• _WORK ITEM_: Provide an exact copy of the data, excluding the images.

• _INFORMATION SHOWN_:
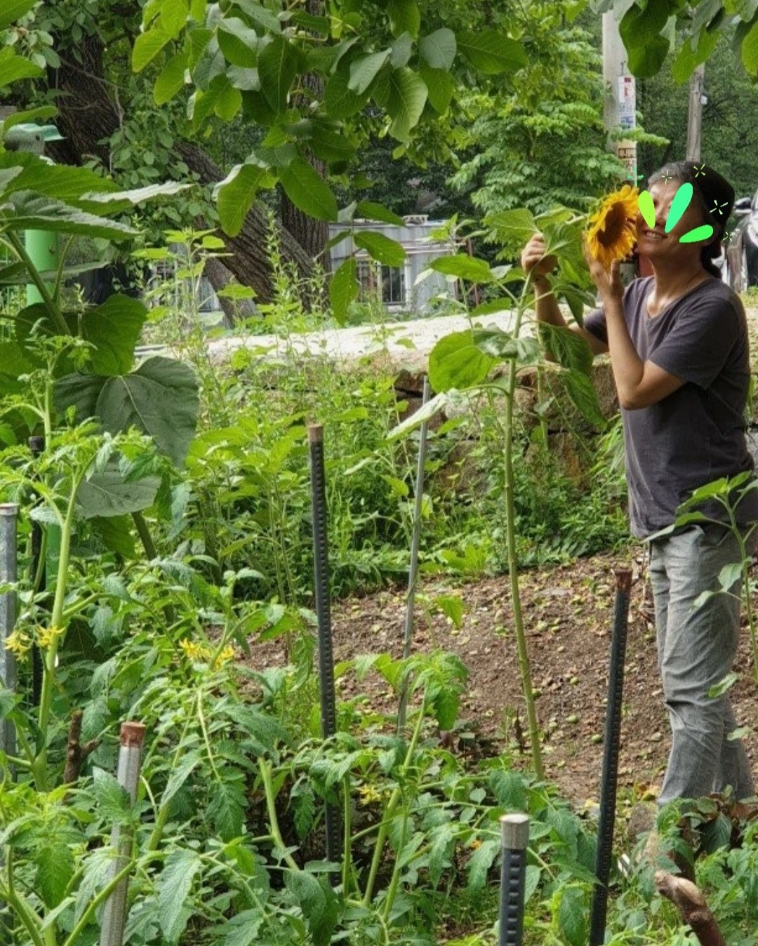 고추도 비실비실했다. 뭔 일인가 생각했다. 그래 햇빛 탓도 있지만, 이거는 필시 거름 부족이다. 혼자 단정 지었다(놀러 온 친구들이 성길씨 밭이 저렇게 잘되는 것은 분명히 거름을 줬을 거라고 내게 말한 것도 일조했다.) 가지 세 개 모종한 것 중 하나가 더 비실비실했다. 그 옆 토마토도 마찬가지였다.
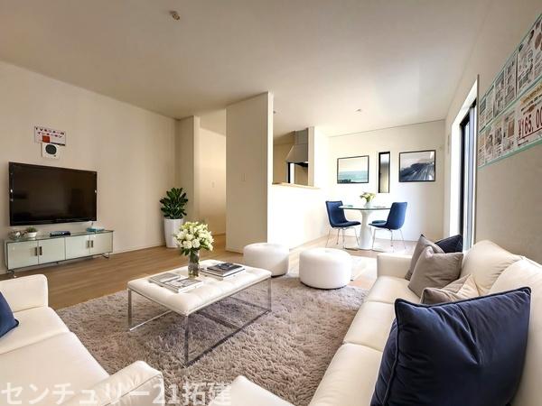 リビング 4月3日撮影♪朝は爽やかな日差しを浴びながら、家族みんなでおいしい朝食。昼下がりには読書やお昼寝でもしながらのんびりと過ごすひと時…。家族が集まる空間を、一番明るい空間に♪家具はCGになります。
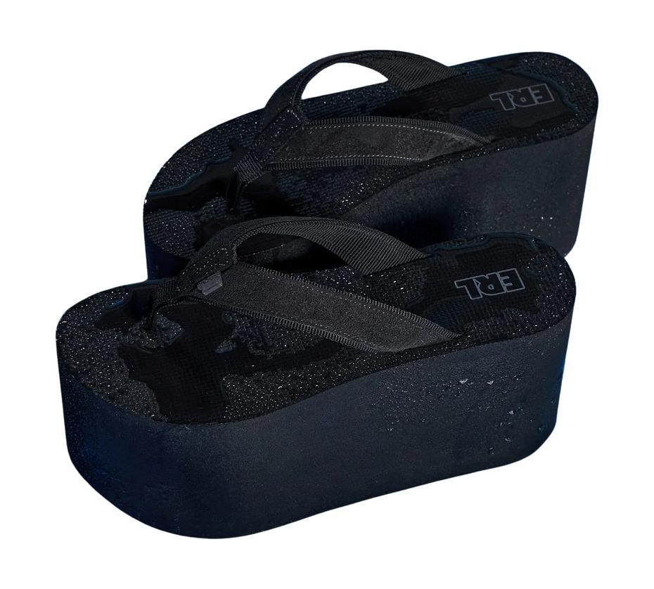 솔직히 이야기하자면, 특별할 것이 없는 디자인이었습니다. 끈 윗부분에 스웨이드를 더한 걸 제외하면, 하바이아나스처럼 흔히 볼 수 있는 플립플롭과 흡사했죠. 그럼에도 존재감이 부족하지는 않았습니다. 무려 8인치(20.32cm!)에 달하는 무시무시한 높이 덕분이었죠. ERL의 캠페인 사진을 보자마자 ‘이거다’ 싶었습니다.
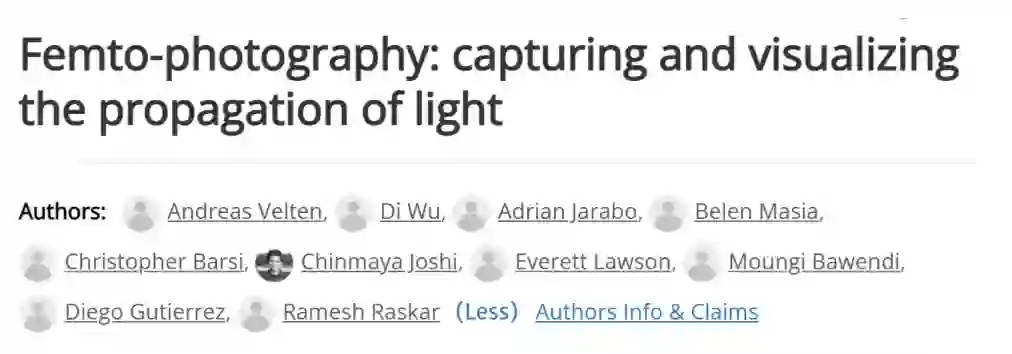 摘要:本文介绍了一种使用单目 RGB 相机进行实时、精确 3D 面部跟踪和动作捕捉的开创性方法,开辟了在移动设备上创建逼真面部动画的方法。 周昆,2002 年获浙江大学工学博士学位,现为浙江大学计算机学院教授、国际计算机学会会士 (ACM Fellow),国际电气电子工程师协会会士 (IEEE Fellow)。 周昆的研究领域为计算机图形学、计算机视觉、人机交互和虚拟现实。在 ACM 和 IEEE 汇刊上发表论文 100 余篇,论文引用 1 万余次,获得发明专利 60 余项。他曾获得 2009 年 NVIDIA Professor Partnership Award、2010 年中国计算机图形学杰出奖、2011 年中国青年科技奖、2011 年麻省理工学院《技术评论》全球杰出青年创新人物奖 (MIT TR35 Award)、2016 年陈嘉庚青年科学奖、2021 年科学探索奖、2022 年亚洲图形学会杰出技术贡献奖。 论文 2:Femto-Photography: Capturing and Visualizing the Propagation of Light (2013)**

• _EXERCISE SOLUTION_:
 고추도 비실비실했다. 뭔 일인가 생각했다. 그래 햇빛 탓도 있지만, 이거는 필시 거름 부족이다. 혼자 단정 지었다(놀러 온 친구들이 성길씨 밭이 저렇게 잘되는 것은 분명히 거름을 줬을 거라고 내게 말한 것도 일조했다.) 가지 세 개 모종한 것 중 하나가 더 비실비실했다. 그 옆 토마토도 마찬가지였다.
 リビング 4月3日撮影♪朝は爽やかな日差しを浴びながら、家族みんなでおいしい朝食。昼下がりには読書やお昼寝でもしながらのんびりと過ごすひと時…。家族が集まる空間を、一番明るい空間に♪家具はCGになります。
 솔직히 이야기하자면, 특별할 것이 없는 디자인이었습니다. 끈 윗부분에 스웨이드를 더한 걸 제외하면, 하바이아나스처럼 흔히 볼 수 있는 플립플롭과 흡사했죠. 그럼에도 존재감이 부족하지는 않았습니다. 무려 8인치(20.32cm!)에 달하는 무시무시한 높이 덕분이었죠. ERL의 캠페인 사진을 보자마자 ‘이거다’ 싶었습니다.
 摘要:本文介绍了一种使用单目 RGB 相机进行实时、精确 3D 面部跟踪和动作捕捉的开创性方法,开辟了在移动设备上创建逼真面部动画的方法。 周昆,2002 年获浙江大学工学博士学位,现为浙江大学计算机学院教授、国际计算机学会会士 (ACM Fellow),国际电气电子工程师协会会士 (IEEE Fellow)。 周昆的研究领域为计算机图形学、计算机视觉、人机交互和虚拟现实。在 ACM 和 IEEE 汇刊上发表论文 100 余篇,论文引用 1 万余次,获得发明专利 60 余项。他曾获得 2009 年 NVIDIA Professor Partnership Award、2010 年中国计算机图形学杰出奖、2011 年中国青年科技奖、2011 年麻省理工学院《技术评论》全球杰出青年创新人物奖 (MIT TR35 Award)、2016 年陈嘉庚青年科学奖、2021 年科学探索奖、2022 年亚洲图形学会杰出技术贡献奖。 论文 2:Femto-Photography: Capturing and Visualizing the Propagation of Light (2013)**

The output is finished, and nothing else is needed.